Ely Center Celebrates The In-Between

With 25-artist group show at new temporary CitySeed home.

· 4 min read
Ely Center Celebrates The In-Between
Molly Gambardella

Intervals
Ely Center of Contemporary Art
162 James St.
New Haven
Through April 12

Molly Gambardella's sculpture pulls in the viewer's eye like a whirlpool, its swirling red petals a source of both fun and vertigo. On one hand, perhaps thanks to its vibrant red, it might not be out of place as a tree in a Dr. Seuss book, a prop in a vivid puppet show. On the other hand, it has a careful sense of proportion and detail that pulls it into reality and gives it a sense of threat, like a carnivorous plant. If you touched it, would it be fluffy or sharp? Either way, it's a piece made for a big space, which it fills and comments on, redefining it. This space is mine, it says, for as long as I'm here.

Gambardella's work is part of Intervals, the first group show, of 25 artists' work, from the Ely Center of Contemporary Art in its new spot in CitySeed's building in Fair Haven, and plays into the show's greater themes of ambiguity and flux. "Intervals mark both pauses and beginnings," an accompanying note states. "Presented by the volunteer artists and curators who make up Ely Center’s Curatorial and Program Advisory Committee," along with other invited artists, "this group exhibition reflects on the spaces between places and moments of change."

"The title speaks to these in-between conditions — a break, a measure of time, or a structural division; something that separates while also connecting," the accompanying note continues. "Here, it gestures toward the shifting site of the gallery, the dual positions held by artist-curators, and the transition into the organization’s next decade. Intervals is a reflection on where we have been and an opening toward what is to come."

Part of the motivation behind the show isn't abstract: It also "responds to another interval, a temporary relocation of our gallery" — a nod to ECOCA leaving the large mansion at 51 Trumbull Street, historically called the John Slade Ely House, that had been a creative hub for New Haven's artists for decades under a few different incarnations. The move meant the end of ECOCA's struggle to keep and maintain the building. It didn't mean the end of ECOCA, however.
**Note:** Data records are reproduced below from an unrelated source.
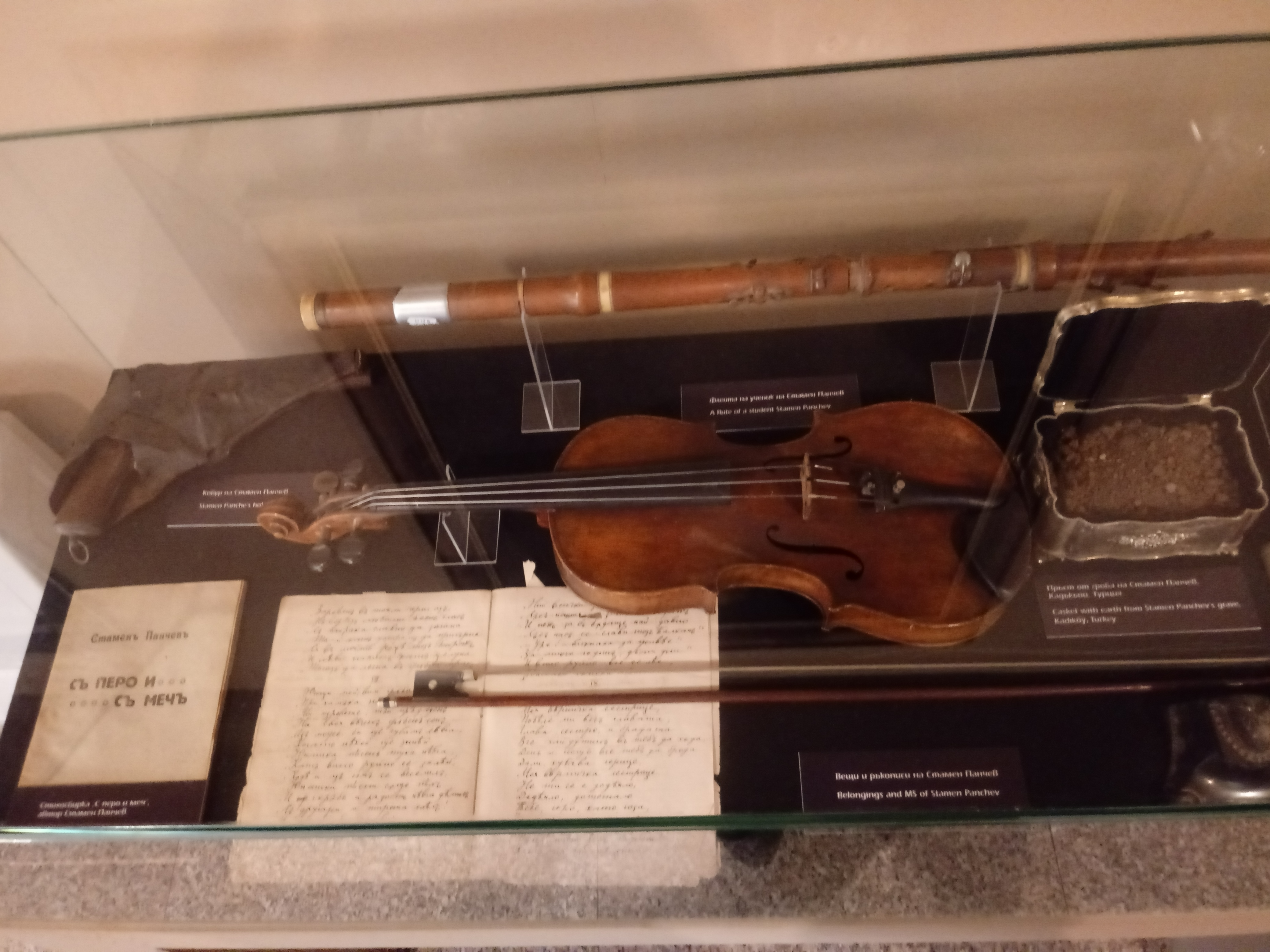 This photo/audio/video was uploaded during the creation of the first wikitown in Bulgaria – WikiBotevgrad. All files are uploaded by their authors or their permission. The cooperation is between Wikimedians of Bulgaria User Group, Municipality Botevgrad, Historical Museum - Botevgrad and Ivan Vazov Library in Botevgrad.
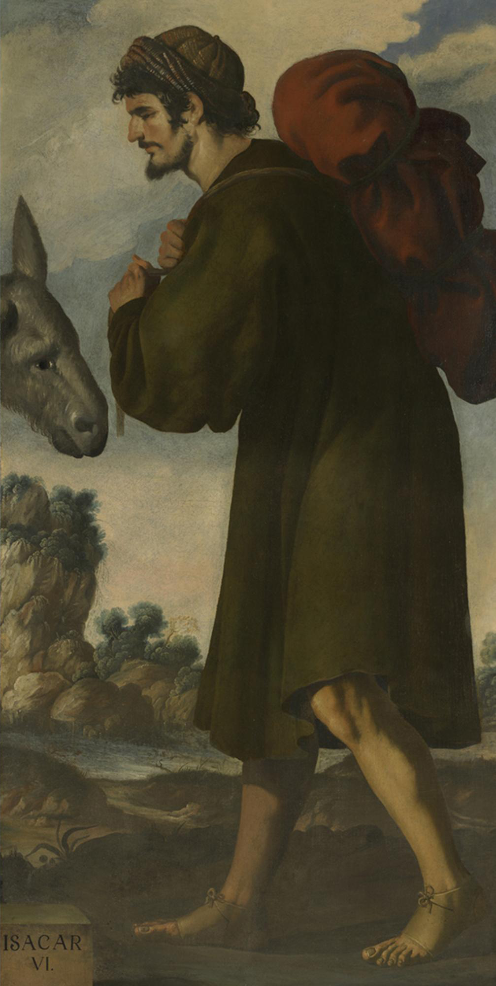 1640-1645 painting of the biblical patriarch by Francisco de Zurbarán
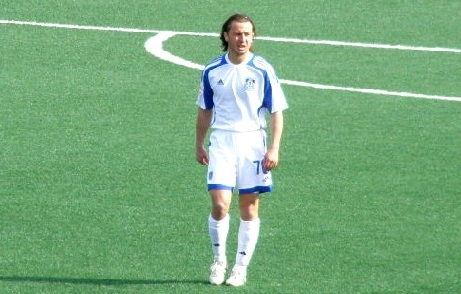 Maxim Buznikin in action FC Shinnik
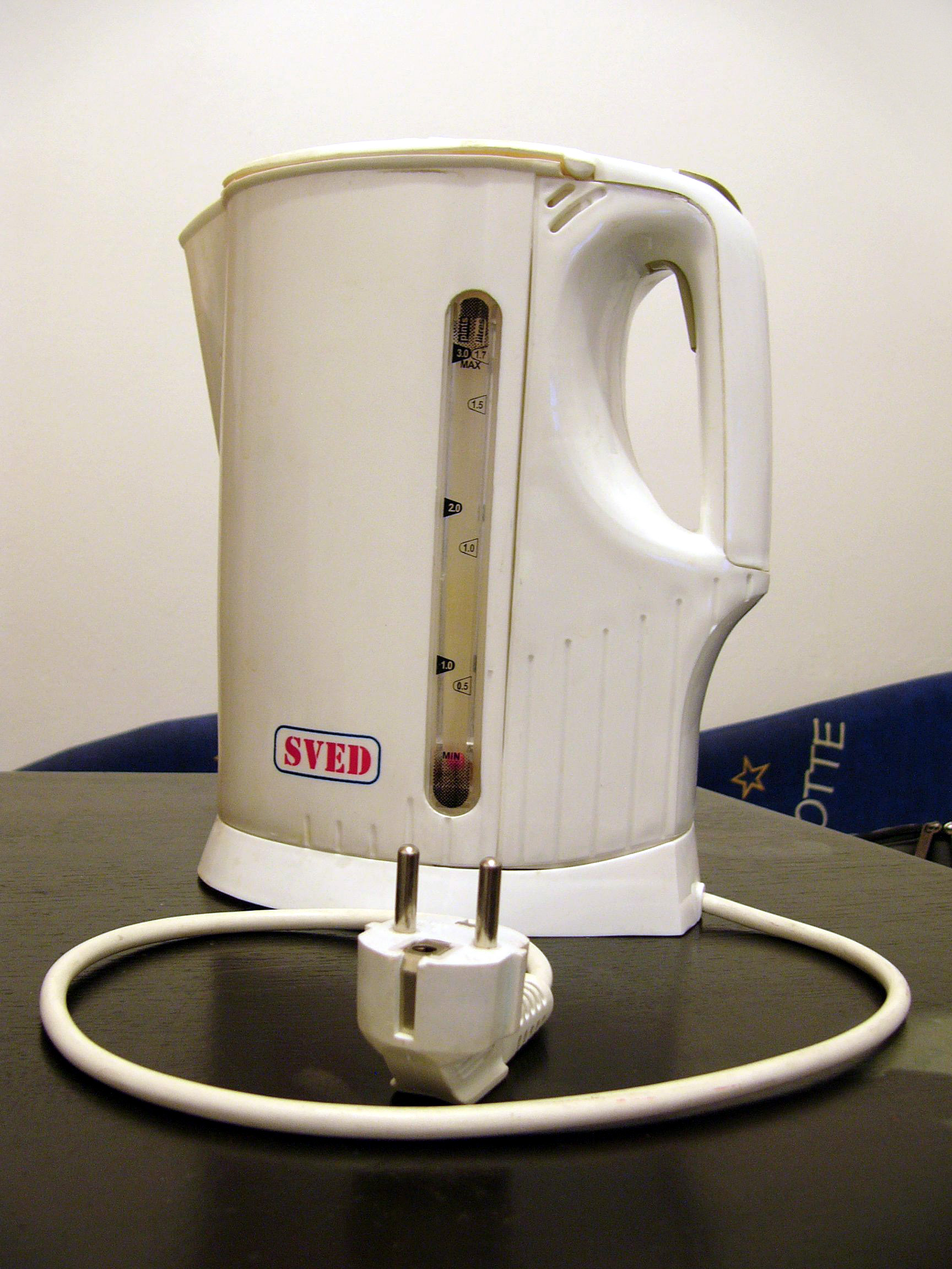 Electric kettle, photo taken by Petr.adamek in Semptember 2005.
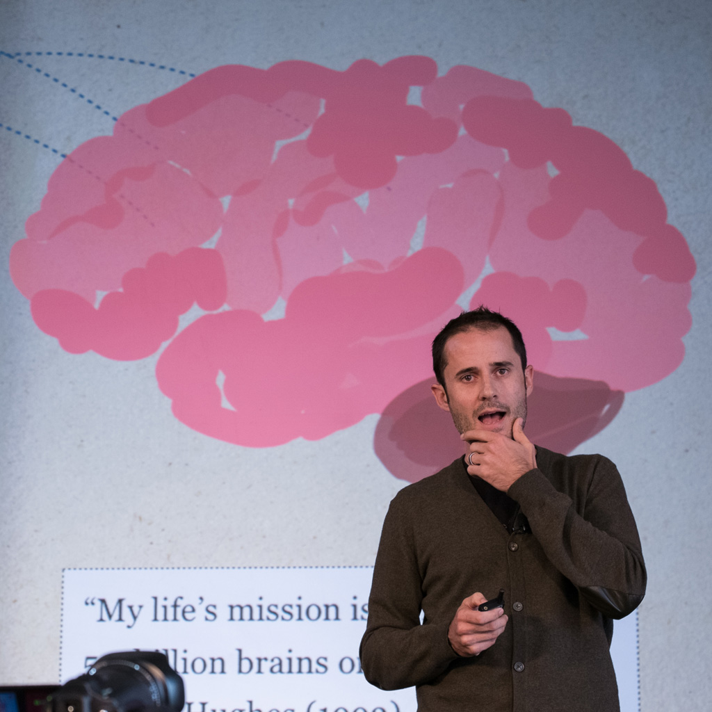 Ev Williams speaks at XOXO Festival 2013 in Portland, Oregon.
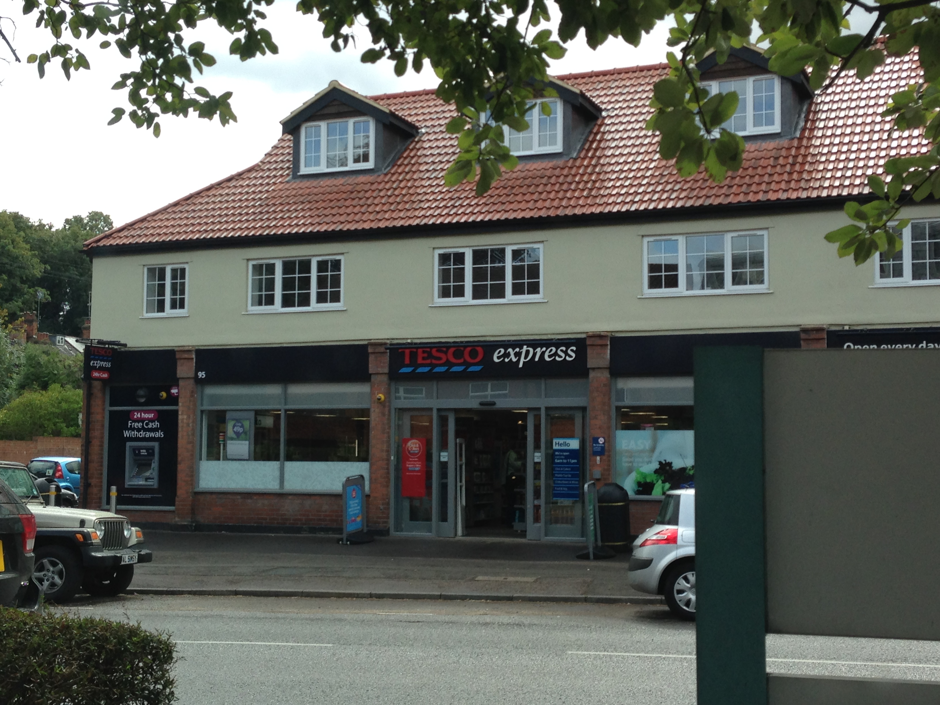 A Tesco Express store on Luton Road in Harpenden
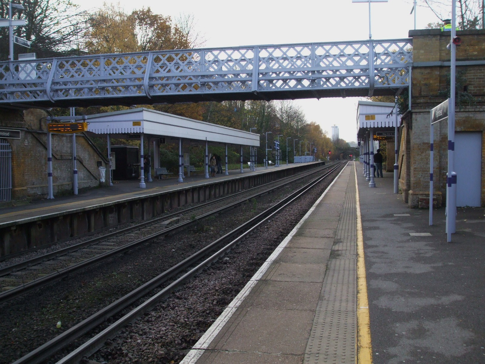 Plumstead station looking west
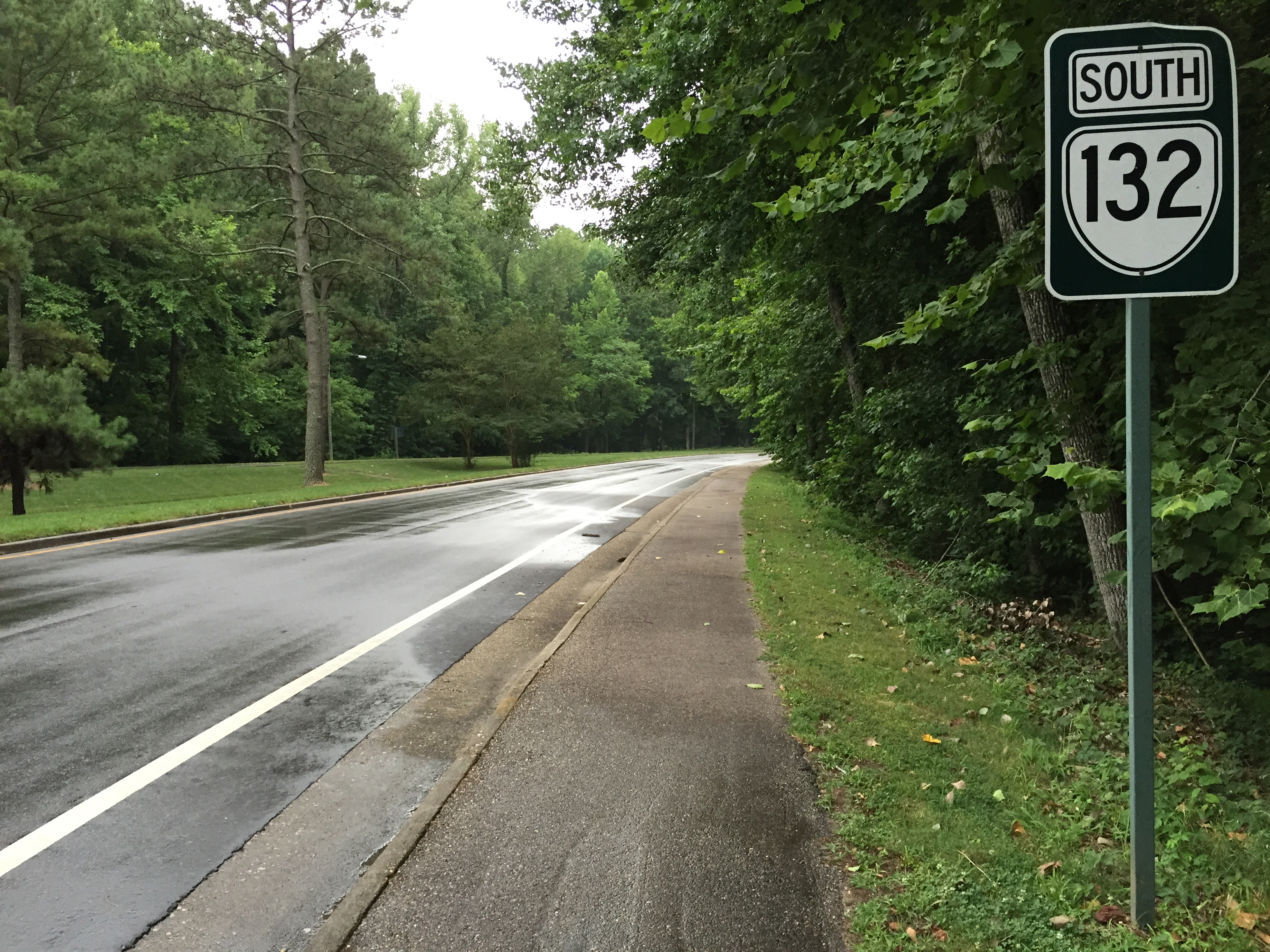 View south along Virginia State Route 132 (Henry Street) at Virginia State Route 132Y (Visitor Center Drive) in Williamsburg, Virginia
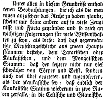 Christoph Meiners' 1785 treatise The Outline of History of Mankind was among the first works to use the term Caucasian (Kaukasisch). In plain text: Unter allen in diesem Grundrisse enthaltenen Beobachtungen, die ich als die meinigen anzusehen das Recht zu haben glaube, scheint mir keine andere auf so viele Zeugnisse und Facta gegründet und so reich an wichtigen Folgerungen für viele Wissenschaften zu seyn, als diese: daß das gegenwärtige Menschenqeschlecht aus zween Hauptstämmen bestehe, dem Tatarischen oder Kaukasischen, und dem Mongolischen Stamm: daß der letztere nicht nur viel schwächer von Cörper und Geist, sondern auch viel übel gearteter und tugendleerer, als der kaukasische sey: daß endlich der Kaukasische Stamm wiederum in zwo Racen zerfalle, in die Celtische und Slawische. Translation: Of all the foundations and observations I have made, no other seems to be based on so many testimonies and facts, and none so rich in scientific deductions as this: the present human race exists of two main branches (Stamm), the Tartar or Caucasian and the Mongolian. The latter is not only much weaker in body and spirit, but much worse in its ways and devoid of virtue compared to the Caucasian. The Caucasian branch divided into two races, the Celtic and the Slavic.
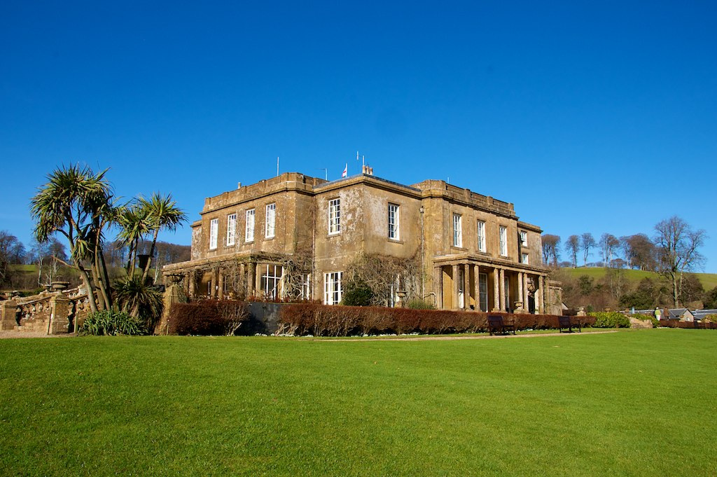 Cricket St Thomas House and Hotel Cricket St Thomas, Somerset

The arts organization has a half-million-dollar donation slated toward the purchase of a new space, which it has a year to find.

In the meantime, ECOCA has moved into the first floor of CitySeed's building at 162 James St., as that food and community development nonprofit undergoes its own transition. On its currently empty first floor, CitySeed plans to build four or five shared-use commercial kitchens for entrepreneurial chefs to start their food businesses. It also intends to house Sanctuary Kitchen, office space for itself, cold and dry storage for produce, a small retail outlet, and maybe a co-working space. Those renovations don't start until late in this year, at the earliest.

Jayden Ashley.

So ECOCA finds itself in a large, undefined space, in many ways closer to a typical art gallery than the mansion on Trumbull Street ever was, and the artists invited to use the space have made the most of it. Taking advantage of the wide space for walking, Jayden Ashley's piece, made from identically cut material, evokes stepping stones while defying gravity, suggesting that those brave enough to walk them might do the same. Artist Maria Markham has built a pile of stones on the floor, with a projection of wavering water at its peak. The eerie effect is of looking into a portal, or perhaps sustaining the illusion that somehow the rock pile is itself supported, improbably, by liquid.

Where many of the artists play with space, Catherine Christiano's piece plays with time, in juxtaposing a page from a newspaper — a decade old — with a sprig of mountain laurel, notorious for its slow growth. The comparison of time frames doubles: first, the difference between the news stories fluttering across the front pages with the mountain laurel, year after year, inching toward sunlight; and second, the time interval between that newspaper and now. How many of those headlines still matter? How many have meaning that still linger for us? What happened to it all, and to us, in the time between David Bowie's death and now?

As the accompanying note relates, "the works in Intervals respond to ideas of construction, duration, conversations, and connectedness. Together, the works support the idea of the Ely Center as a fixed container and a living framework shaped by collective effort. In this moment of temporary architecture and long-term vision, Intervals affirms the importance of art, volunteer labor, shared authorship, and the spaces we build together." It's an apt message for our uncertain times. Art spaces and artists come and go, and even most artworks don't last. But the energy of making art and the community that coalesces around it were around before we got here, and it's a good bet it'll outlast us all.